__SOURCE DATA__.
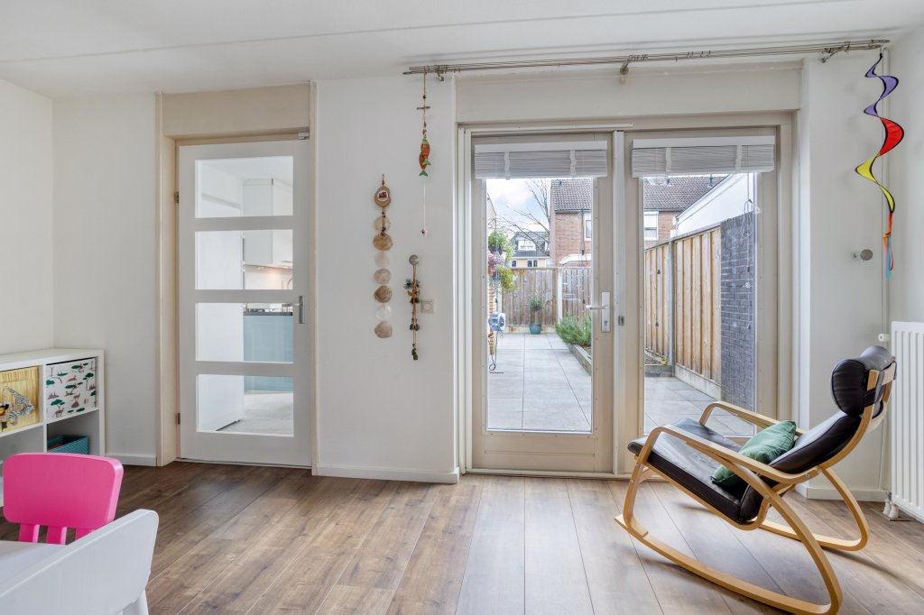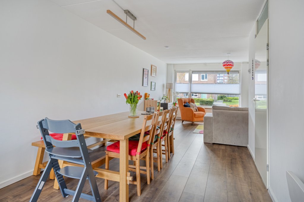 Bij binnenkomst valt direct de lichte en ruime woonkamer op. De grote raampartijen zorgen voor een prettige natuurlijke lichtinval. De gesloten keuken (vernieuwd in 2022) is voorzien van alle gewenste inbouwapparatuur.
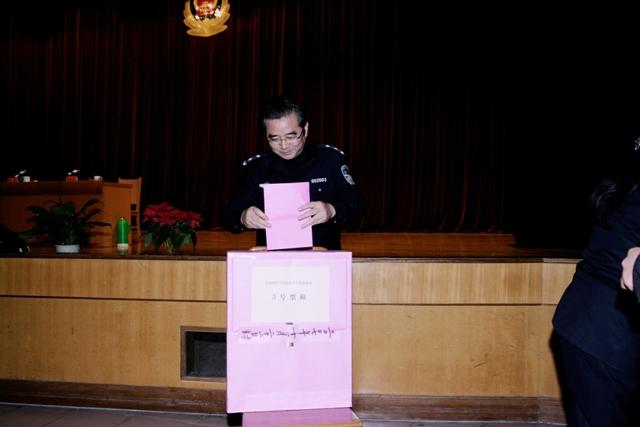 11月22日下午,beat365举行雨花台区警官学院选区第十六届人民代表大会代表选举工作。本选区选民共5231人,参加选举投票的选民5170人。经过当场唱票,候选人毕良珍得赞成票4978票,韦昌明得赞成票4673票,李怀仁得赞成票475票。
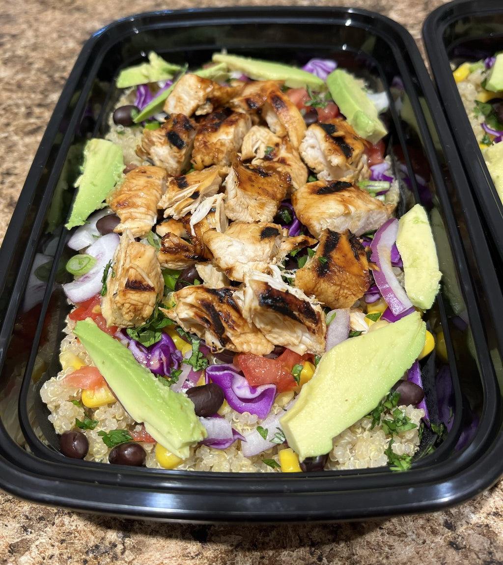 The individual meal to be delivered Thursday, February 19th is a BBQ Ranch Chicken Quinoa Bowl. It includes BBQ chicken, quinoa, black beans, red cabbage, sweet corn, red onion, tomatoes, jalapeno, avocado, cilantro, and scallions. It comes with ranch or blue cheese dressing.
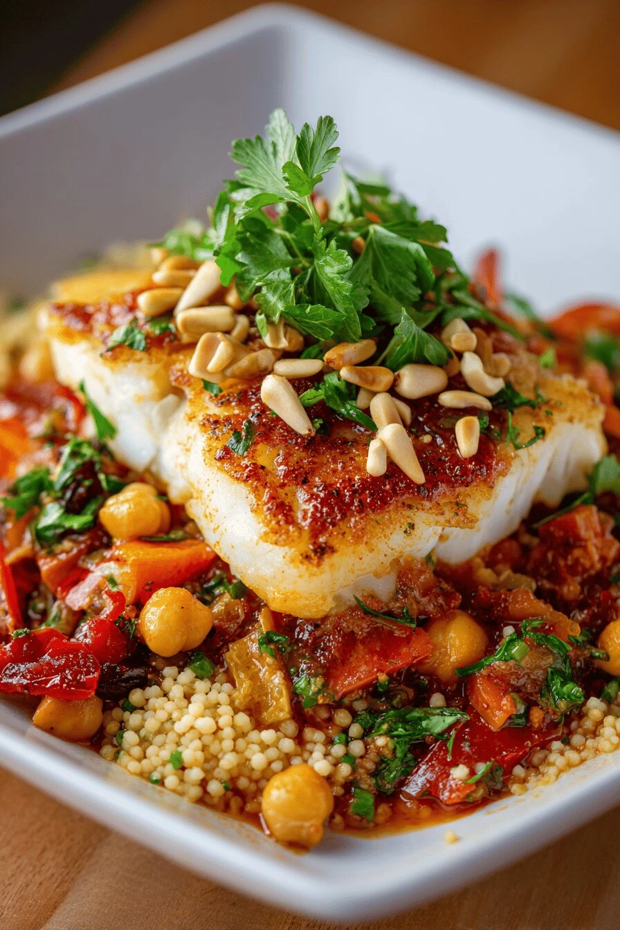 Takes 60 minutes total if you don’t overthink it. The fish stays tender because you sear it first, then it basically rests in the warm broth—no rubber, no dried out mess. Seafood and spice shouldn’t be complicated but this makes it feel that way anyway. One pot. One skillet. Everything builds in the same place. Works cold the next day, maybe better. Harissa gives you heat without tasting like it’s trying too hard. The couscous absorbs all that Moroccan spice-and-broth situation and actually tastes like something happened to it.

__DIRECTIONS FOR THIS TASK__. Pictures should not appear in the copy. Write out exactly the lines above from the first one through the line that contains "The individual meal".

__EXERCISE RESPONSE__.
 Bij binnenkomst valt direct de lichte en ruime woonkamer op. De grote raampartijen zorgen voor een prettige natuurlijke lichtinval. De gesloten keuken (vernieuwd in 2022) is voorzien van alle gewenste inbouwapparatuur.
 11月22日下午,beat365举行雨花台区警官学院选区第十六届人民代表大会代表选举工作。本选区选民共5231人,参加选举投票的选民5170人。经过当场唱票,候选人毕良珍得赞成票4978票,韦昌明得赞成票4673票,李怀仁得赞成票475票。
 The individual meal to be delivered Thursday, February 19th is a BBQ Ranch Chicken Quinoa Bowl. It includes BBQ chicken, quinoa, black beans, red cabbage, sweet corn, red onion, tomatoes, jalapeno, avocado, cilantro, and scallions. It comes with ranch or blue cheese dressing.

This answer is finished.